LOPA – Validating Human IPLs and Ies
- Type: Conference Presentation
- Conference Type:
AIChE Spring Meeting and Global Congress on Process Safety
- Presentation Date:
March 14, 2011
- Skill Level:
Layer of Protection Analysis (LOPA) is a simplified risk assessment method that provides an order of magnitude estimate of the risk of a potential accident scenario. Humans can be the cause on an accident scenario (the Initiating Event [IE]) or human can serve as an independent protection layer (IPL). In either case, estimating the likelihood of the human error and measuring the human error rate at a site are troublesome tasks within the LOPA framework or QRA framework, which is one of the reasons some companies do not give any credit for a human IPL.
Identifying and sustaining independent protection layers (IPLs) is the heart of LOPA. Each IPL must of course be independent of the initiating event (IE) and the other IPLs and must be capable (big enough, fast enough, strong enough, etc.). But also, each IPL must be 1) maintained or kept in practice/service, 2) validated/proven to provide the probability of failure (PFD) chosen, and 3) documented and audited periodically to substantiate these values.

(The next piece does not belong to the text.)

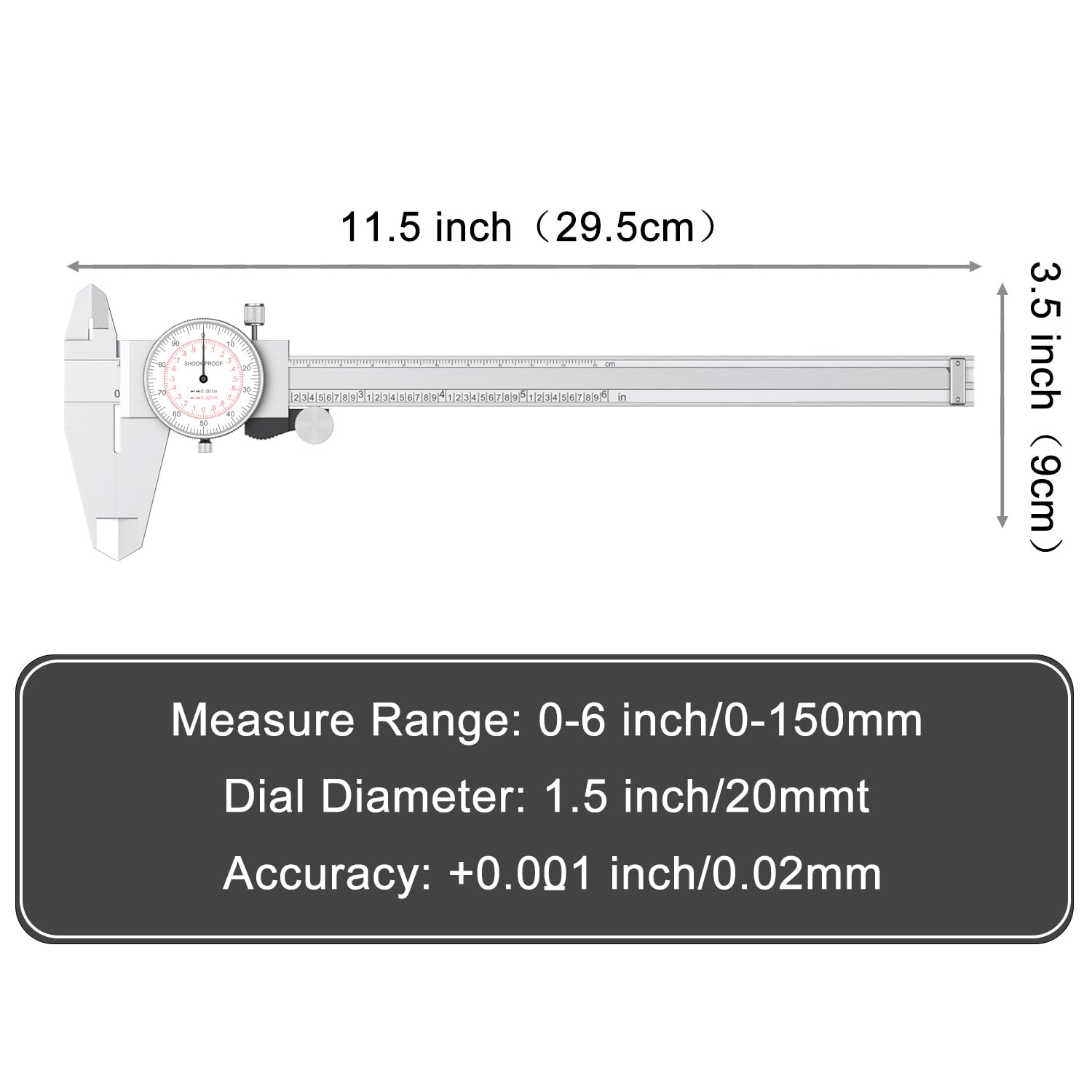 - Dual Reading Scale for Precision - The HDLNKAK Dial Caliper features a dual reading scale, allowing you to measure in both inches and millimeters (0-6"/150mm), ensuring versatility and accuracy for a wide range of applications.

One type of IPL is a Human IPL. These include preventative steps that may stop a scenario from progressing once it is initiated, but more typically the human IPLs are responses to alerts or alarms or troubling readings and sample results.

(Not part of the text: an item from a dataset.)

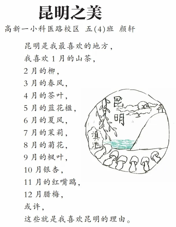 高新一小科醫(yī)路校區(qū)五(4)班的顏軒用不同的動(dòng)植物和風(fēng),表達(dá)昆明四季之美:“昆明是我最喜歡的地方,我喜歡1月的山茶,2月的柳,3月的春風(fēng),4月的茶葉,5月的藍(lán)花楹,6月的夏風(fēng),7月的茉莉,8月的菊花,9月的楓葉,10月銀杏,11月的紅嘴鷗,12月臘梅,或許,這些就是我喜歡昆明的理由?!倍鞣N隨手產(chǎn)生的精彩畫(huà)作,則表現(xiàn)了昆明的另一種意象:昆明,既是花的世界,也是鳥(niǎo)的居所,還是美食的聚集地。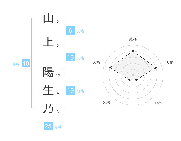 山上 陽生乃さんを姓名の画数から五運を鑑定

This paper continues from the paper in 2010 GCPS and from the approaches outlined in ?Initiating Events and Independent Protection Layers, CCPS, 2011?, and shows the data needed for adequately counting the human in a LOPA (and other risk assessments). The main focus of the paper is on practical means for collecting raw data in a plant setting for substantiating the error rates for the site so that the IE rates and IPLs probabilities of failure can be fairly credited. The discussion covers the training requirements that should be met, proof drills for response to alarms, simulations and tests, frequency of proofs, and of course the effect of human factors on human error rates. Actual plant data and tests are included in the paper to provide the reader with examples of how similar data collection and validation can be set up within their companies. The paper also illustrates how such data can be used for adjusting calculation/prediction of human error rates for new settings, such as plant expansion.